Thursday, September 07, 2006


I woke up this morning to the sound of rain. When I opened my eyes, however, I saw not rain, but snow. It's September 7th, and winter has begun in Ulaanbaatur, Mongolia.

Also, I finally added more pictures to my flickr account. You can check out images from when the weather was still warm.

Monday, September 04, 2006

Does Mongolia have a large wealth disparity?

Mongolia has a huge disparity of wealth, and not just between foreigners and Mongolians. Unlike other countries, however, below the super rich, there is a gradual decline in capital between classes, as opposed to a huge jump. The super rich here in Mongolia tend to work in the mining industries or in banking. Their ranks often include foreigners from China, Canada and the US. These people drive around in Hummers, Lexus SUVs and Range Rovers. They have drivers.

Beneath them, however, wealth is less apparent. Here in Mongolia you can buy clothes from brands like Abercrombie and Fitch or Miss Sixty or Sevens Jeans for a fraction of what you would pay in the US, because it’s all made in China. Often, the clothes will already have their US price tags on them. And, as I’ve said before, a lot of people will spend a lot of their incomes on clothes, making attire a difficult reference point as far as wealth goes.

A lot of the restaurants here too will have graduated pricing. At the one I go to most often with people at work, Crown Restaurant, you can buy a soup and a salad, or a soup and another small dish for less than $2, which is what we usually do. Main courses start at around $3 or $4 and are aimed at a different clientele, but one that will sit side-by-side with us. Then there are other restaurants, such as Millie’s, that are priced in such a way that no one but the wealthy can eat there.

The supermarkets are more separatist. Wealthier people will shop at the State Department Store, or stores like Good Price, that offer Western goods.
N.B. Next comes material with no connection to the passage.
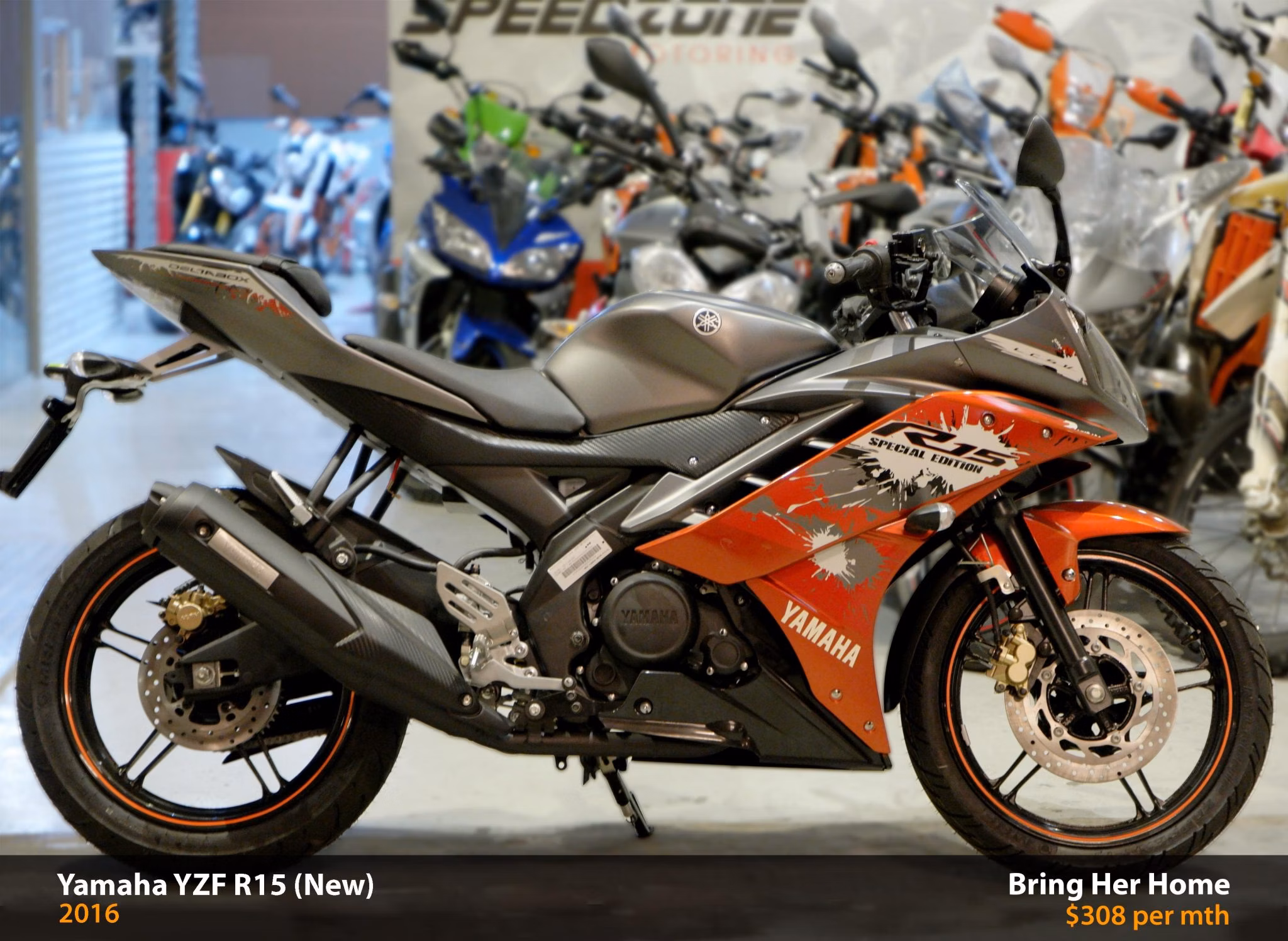 Looking for an adrenaline-pumping ride? Come check out the Yamaha YZF-R15 Special Edition Orange Non ABS 2016 at Speedzone showroom! This bad boy is sure to get your heart racing.

Middle class people who live in central UB will shop at Dalai Eej, a more local supermarket that still stocks brands like Crest. The further you get from the center of town, the cheaper goods in the supermarkets are. Poorer people will shop at outdoor markets like the one next to the train station where all the goods from China come in. Here there are large shipping crates that operate as wholesale stores, with one filled with potatoes and the next with onions. Outside, women will sell kilos of rice that they take from large 50 kilo bags.

Then there is housing. The well-paid Americans live in places like the Star Apartments, which are rentals. Many of the wealthy Mongolians are choosing to live in places like Japan Town, which are the newly-built gated communities. These houses are often located just across Peace Bridge on the other side of the river. They are totally anomalous McMansions with turrets and big windows that look out on other McMansions. They are packed incredibly tightly, and have no land whatsoever. They start at $250,000.

A lot of people, myself included, live in the Soviet apartment buildings that take up much of central UB. They are huge monstrosities that tend to be longer than they are tall, so they look like 20-story apartment buildings resting on their sides. Government officials that aren’t corrupt will live here, as will NGO workers and store owners.

As you get further out of the center of town, just past the Ring Road that circles the city, the shanty towns begin. The structures here are small make-shift houses with small dirt lawns. Some of them appear to have plumbing, others do not. These go on for a long time. They are tacked alongside windy roads, none of which are paved. Teachers at the universities may live in them, or large families just in from the countryside.

Beyond the shanty towns are the ger towns. These are where the truly poor live. Like in the shanty towns, the gers are placed on small lots next to thousands of other small lots. There is no indoor plumbing. Mangy dogs wander the streets and it’s not a safe area to walk around in at night, even for Mongolians.

Past the ger towns, the city disappears, instantaneously becoming countryside. Here, particularly upriver, wealthier Mongolians build their summer homes, or their regular houses, where they can have land and river views or mountain habitats.

Oh, and for those of you keeping track: it's snowed already in parts of Mongolia and it hit zero celsius here in Ulaanbaatur on Saturday night.